The group was renamed the Nationalist Islamic Party in 1940, when it took on a more religious, as well as anti-British tone. After the war it was renamed yet again, now the Socialist Party of Egypt. The group's one electoral success came when it sent Ibrahim Shukri, its vice-president, to parliament in 1951. However, it was disbanded, along with all other parties, in 1953 following the 1952 military coup d'état.

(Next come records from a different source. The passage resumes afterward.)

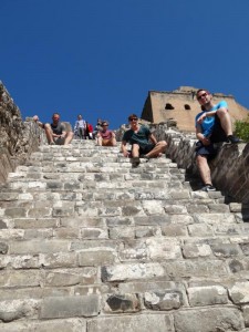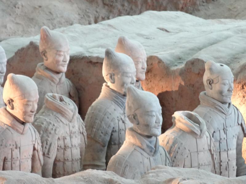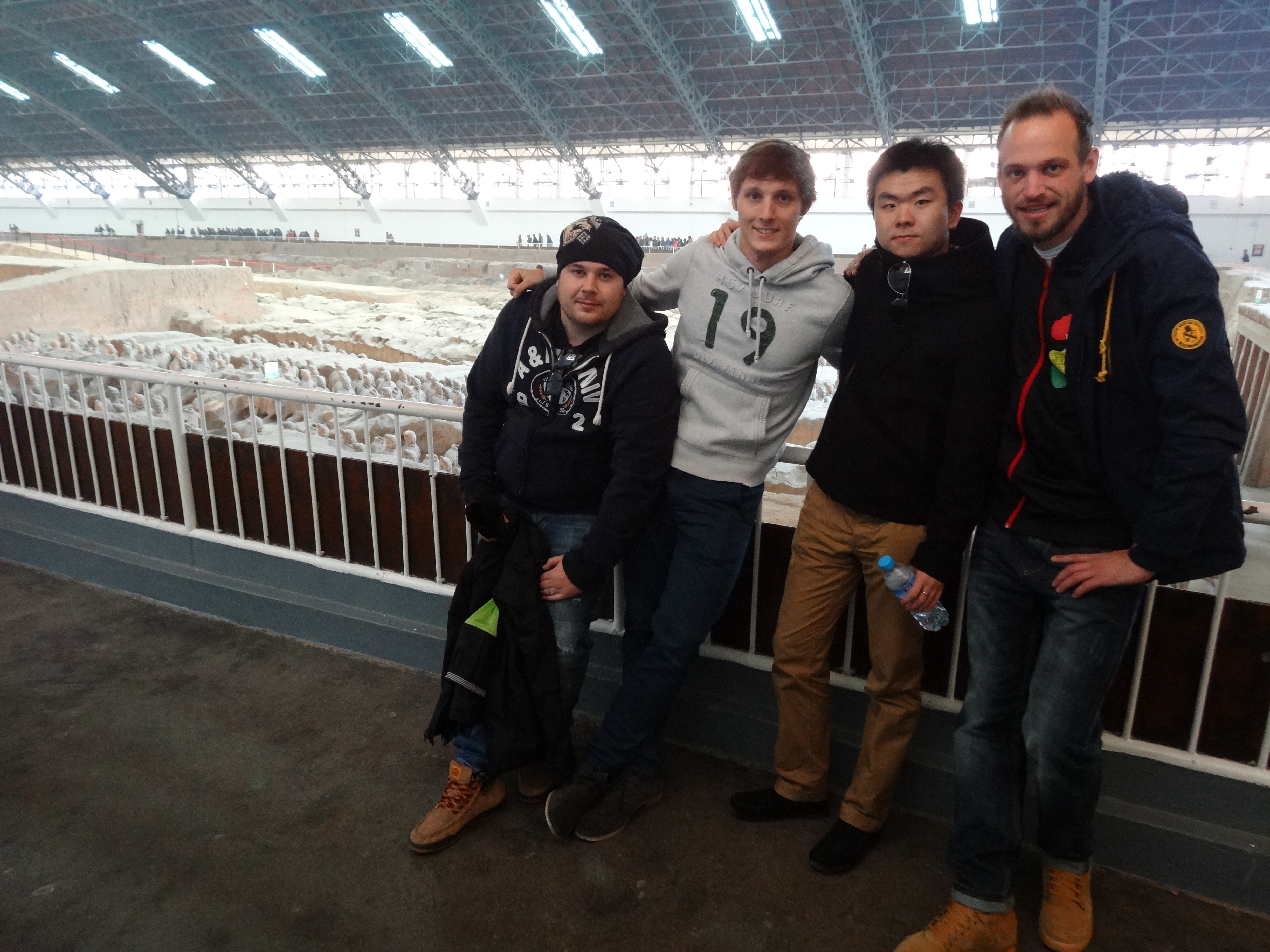 Das Hostel war ziemlich groß, hatte aber trotzdem ein sehr familiäres Flair. Es verfügte über eine Coffee Bar mit sehr leckerem Essen. Eine Bar im Keller, in der wir dann auch gleich den ersten Abend verbracht haben. Die Auszeichnung für die beste Bar in der Stadt kann ich bestätigen. Am nächsten Tag haben wir dann die Stadt erkundet, waren etwas shoppen und haben uns später auf die Stadtmauer begeben. Von dort aus konnten wir uns eine traditionelle Trommelshow und eine Akrobatikshow anschauen. Zum Sonnenuntergang ging es dann mit dem Tandem über die Stadtmauer. Sehr romantisch möchte ich an der Stelle festhalten 😉 Eine komplette Rundfahrt haben wir allerdings nicht geschafft. Wieder im Hostel angekommen, erreichte dann auch der Rest der Truppe die Stadt. Mein chinesischer Freund Lee hatte sich auch noch kurzfristig entschieden mitzukommen, musste aber noch am Freitag arbeiten und kam so erst am Samstagmorgen an. So trafen wir uns am nächsten Tag mit Lee, der uns dann den Weg zur Terrakotta-Armee wies. Die Fahrt mit dem Bus dauerte circa 2 Stunden.
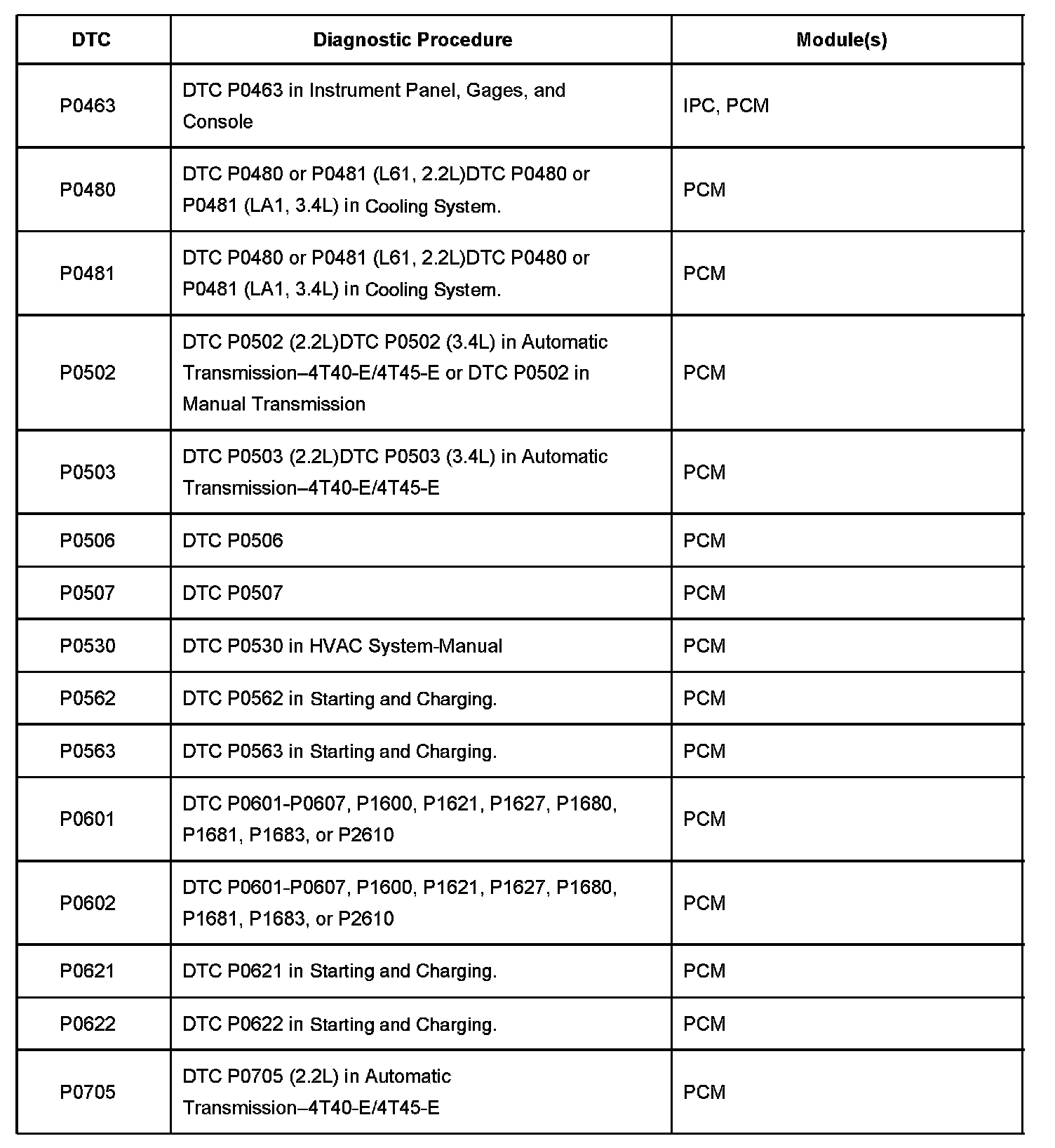 P0463-P0705:
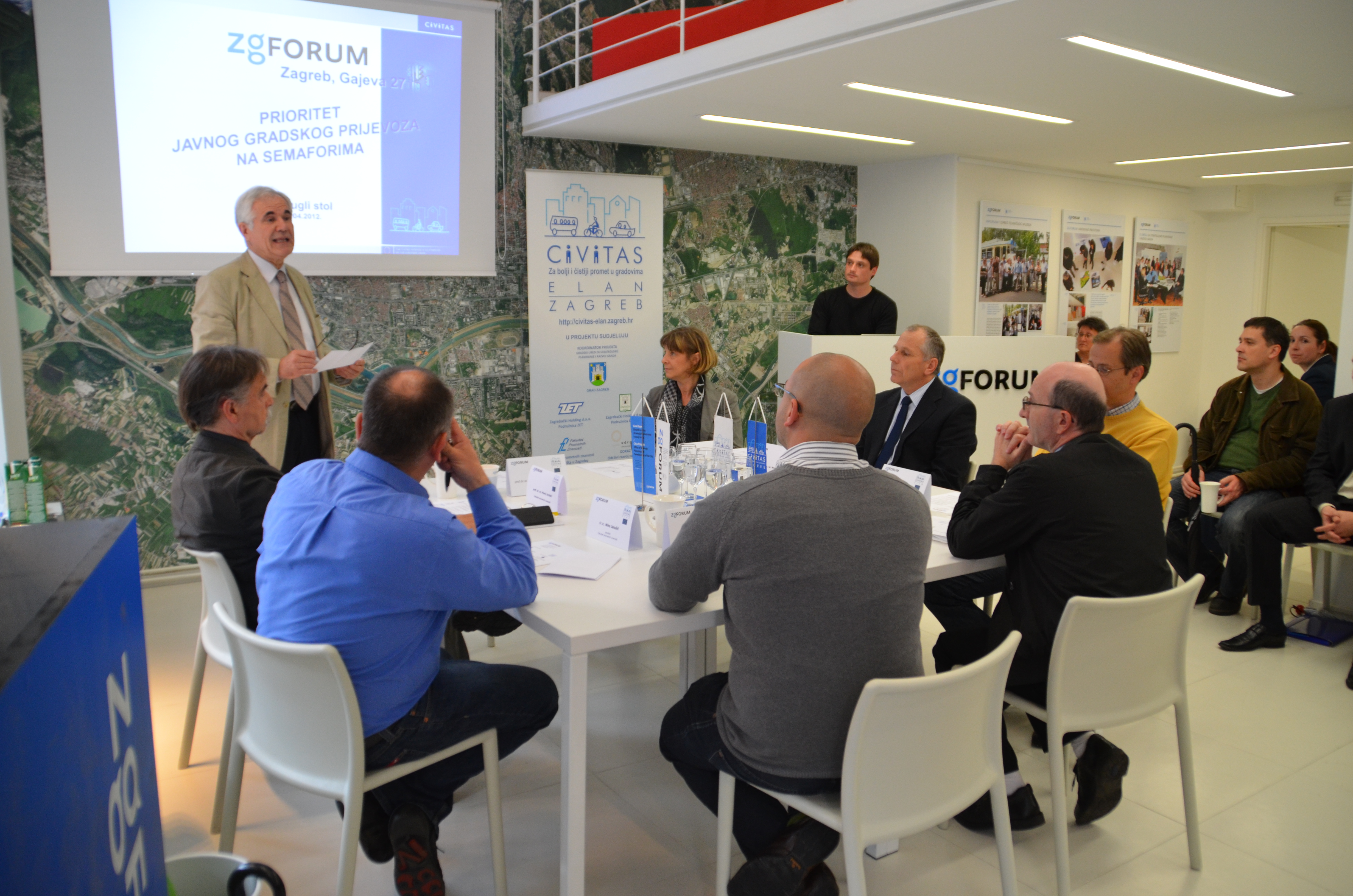 Nakon toga očekuje se aktivno učešće stručnjaka i građana u diskusiji na temu učinkovitosti semafora u funkciji prioriteta javnog gradskog prijevoza u Gradu Zagrebu. Moderator okruglog stola bio je prof. dr. sc. Stanislav Pavlin, voditelj projekta CIVITAS ELAN na Fakultetu prometnih znanosti. Uvodne prezentacije održali su prof.dr.sc. Hrvoje Gold, prodekan i prof.dr.sc. Mario Anžek, dr.sc. Niko Jelušić i Miroslav Vujić, dipl,ing., asistent, svi s Fakulteta prometnih znanosti, mr.sc. Zdenko Lanović iz tvrtke Elipsa-S.Z. d.o.o..
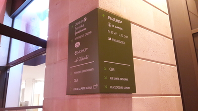 Un tel lieu nécessite une signalétique adaptée au plus grand nombre. C’est en reprenant les codes et nomenclatures définis par la Promenade Sainte-Catherine que LOKi a pu travailler régulièrement au cœur de Bordeaux. Les changements de stores et d’enseignes en fonction des nouvelles arrivées de commerces, les fléchages à adapter, les décorations murales ou au sol qui rythment les saisons : c’est tout au long de l’année que LOKi peut laisser s’exprimer le talent de ses poseurs.
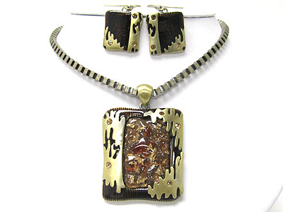 Metal and glss art work pendant and box chain necklace set
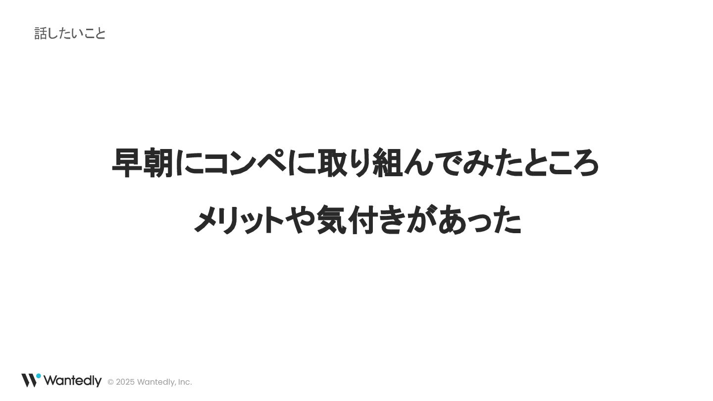 © 2025 Wantedly, Inc. 話したいこと 早朝にコンペに取り組んでみたところ メリットや気付きがあった
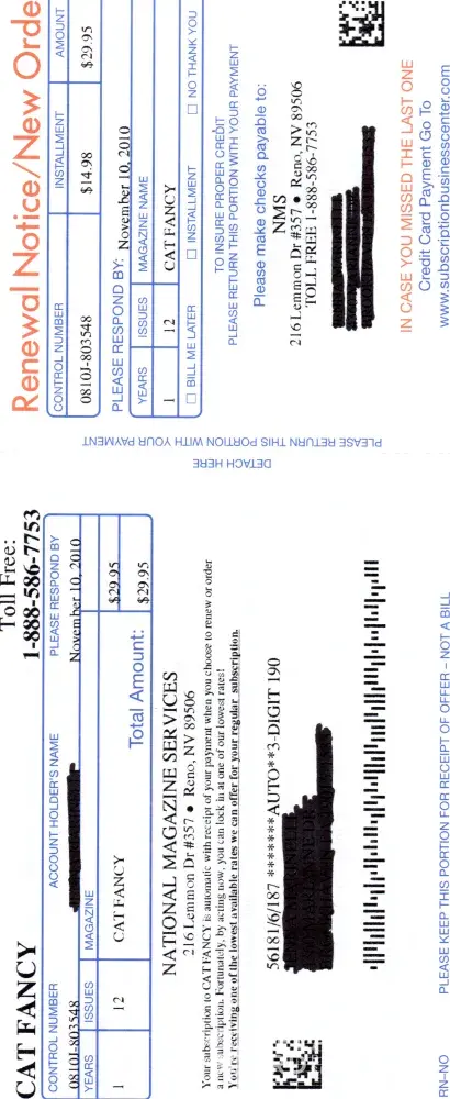 We received a fictitious mailing from "National Magazine Services, Inc." asking me to renew my magazine subscription for 2 years. We took at first glance as a legitimate renewal invoice as our subscription but in reality is a fake subscription as we can see now.
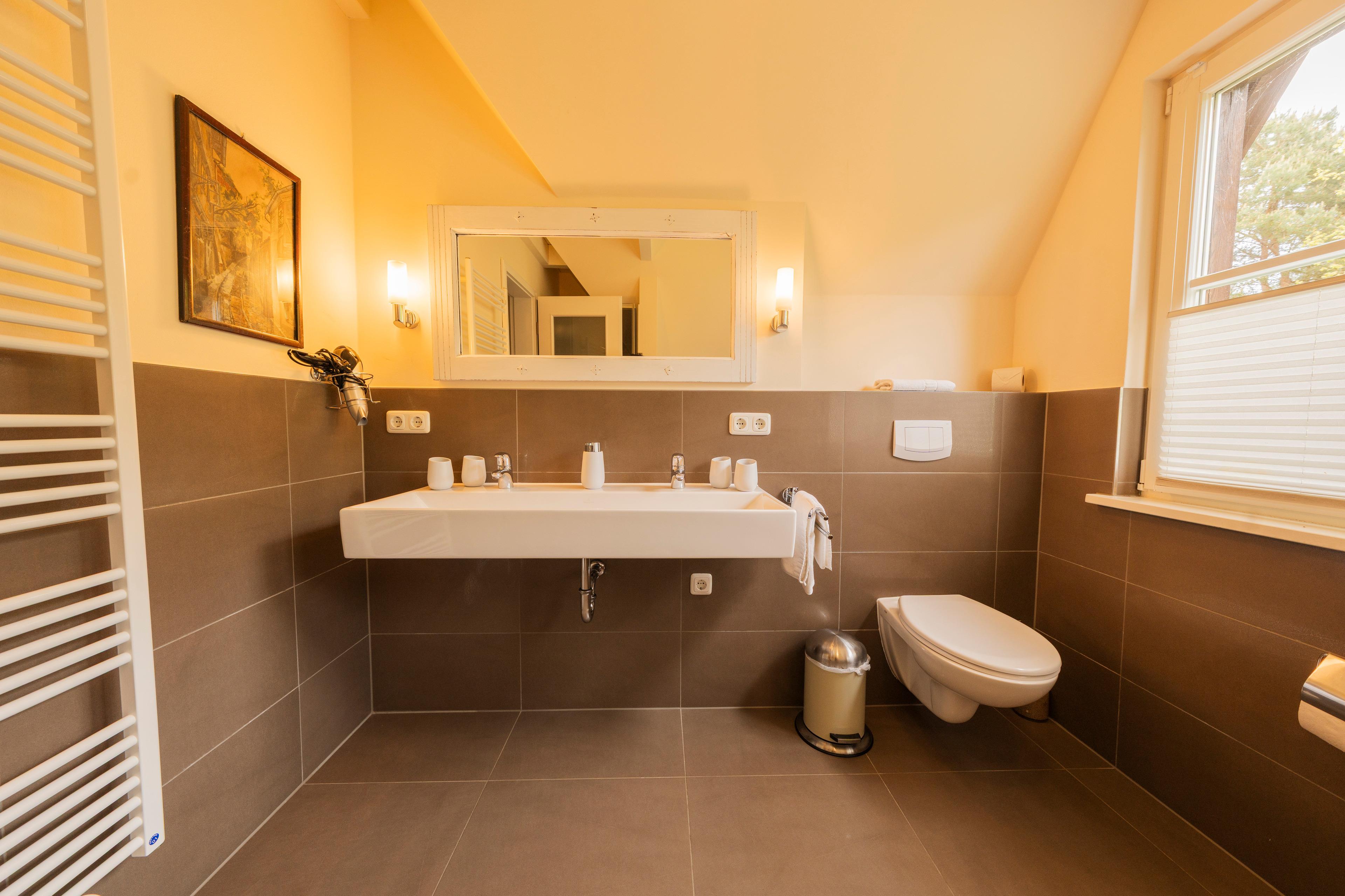 Helles Wohlfühlbad mit Eckbadewanne, Dusche, WC und Doppelwaschtisch – stilvoll gestaltet und bestens ausgestattet.
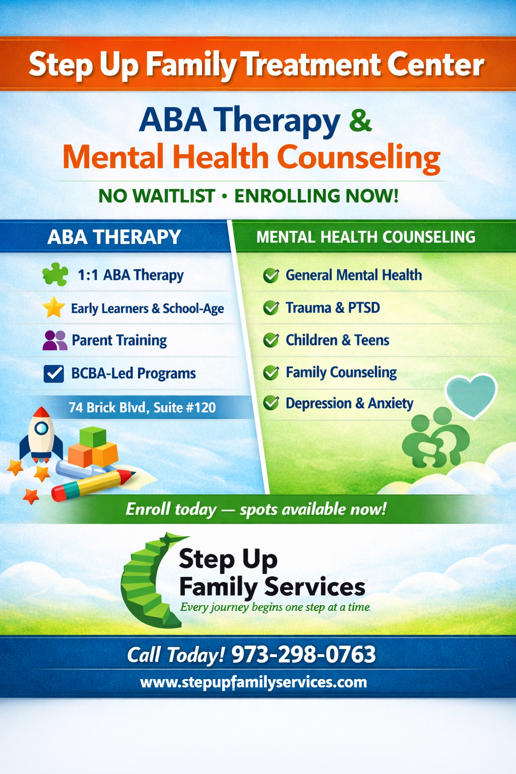 Due to increased demand and our commitment to providing high‑quality Applied Behavior Analysis (ABA) services, Step Up Family Services is expanding ABA operations into a larger, dedicated space at 74 Brick Blvd., Suite #120.
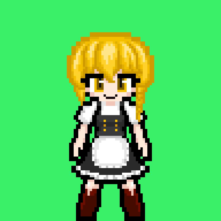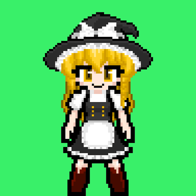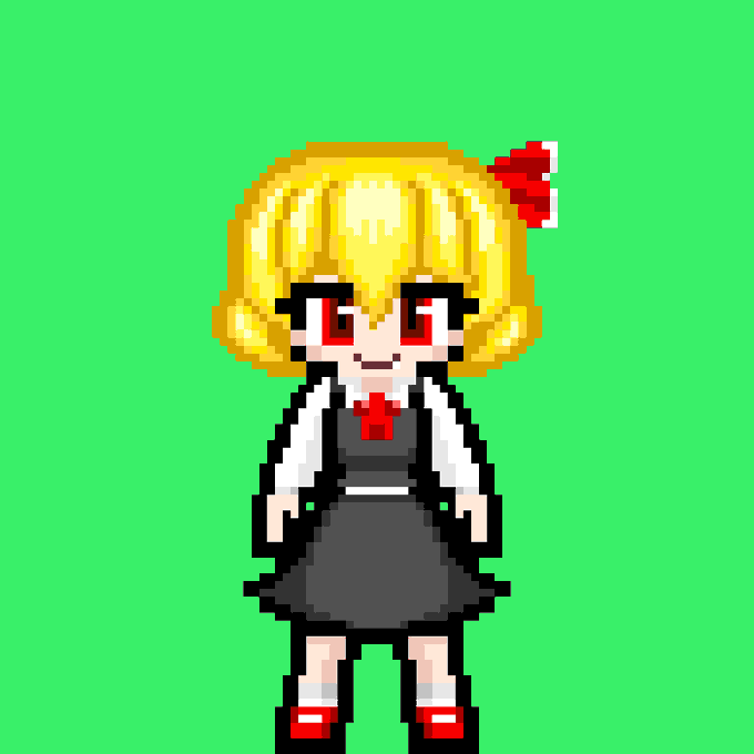 It's Rumia!! ってことでまたまた素立ちですが... 東方Projectよりルーミアです ポーズ変えようか迷ったんですけども、このあと色々と使いたいんでスダチです #ドット絵 #東方project #ルーミア
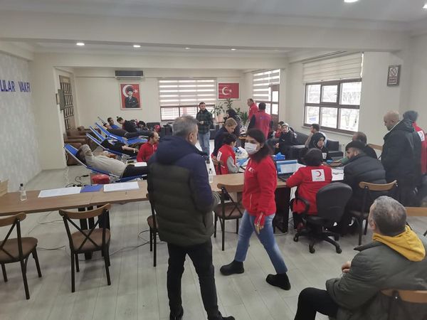 VATANDAŞLARIMIZ KAN BAĞIŞINDA BULUNUYORLAR, YOĞUNLUK OLDUKÇA FAZLA.

After political parties were allowed again in Egypt, Ibrahim Shoukry formed a group, the Socialist Labor Party in 1978, which despite its name look much like the social nationalistic ideology of Young Egypt. It consists of members from different economic and social levels.

=== Ideology ===
Young Egypt espoused the most extreme Egyptian nationalism of the time, going further than any other existing party. It believed in the complete rejection of foreign influence. One of its Ten Principles was to "cling steadfastly to your nationality, making it an obsession." Ahmed Hussein saw in his vision of Egypt a country that has only been recently held back by foreigners, and that should return to its former glory, saying:"I will tell you, gentlemen, a reality which I discovered in Europe. It is that most of its peoples are close to the primitive, primal stages of life. The only thing responsible for their progress in life is the great amount of learning which they receive all over Europe. Their knowledge, their character, their virtues, their peculiarities – all of these have been acquired by striving and only by that. This means that if you strip from them this learning and this knowledge which they have won through striving and study, you will find Europeans close to the barbarism of prehistoric times."Hussein believed that while Europe had abandoned religion for "godless, materialist principles", modern Egypt's religious culture made it superior. This was in stark contrast to the Wafd, who were secularists. Young Egypt railed against foreign-owned factories, "anti-Islamic" entertainment, gambling, cinemas and alcohol. Young Egypt combined the religious values of the Egyptian urban worker with the nationalist values of the modern Egyptian student.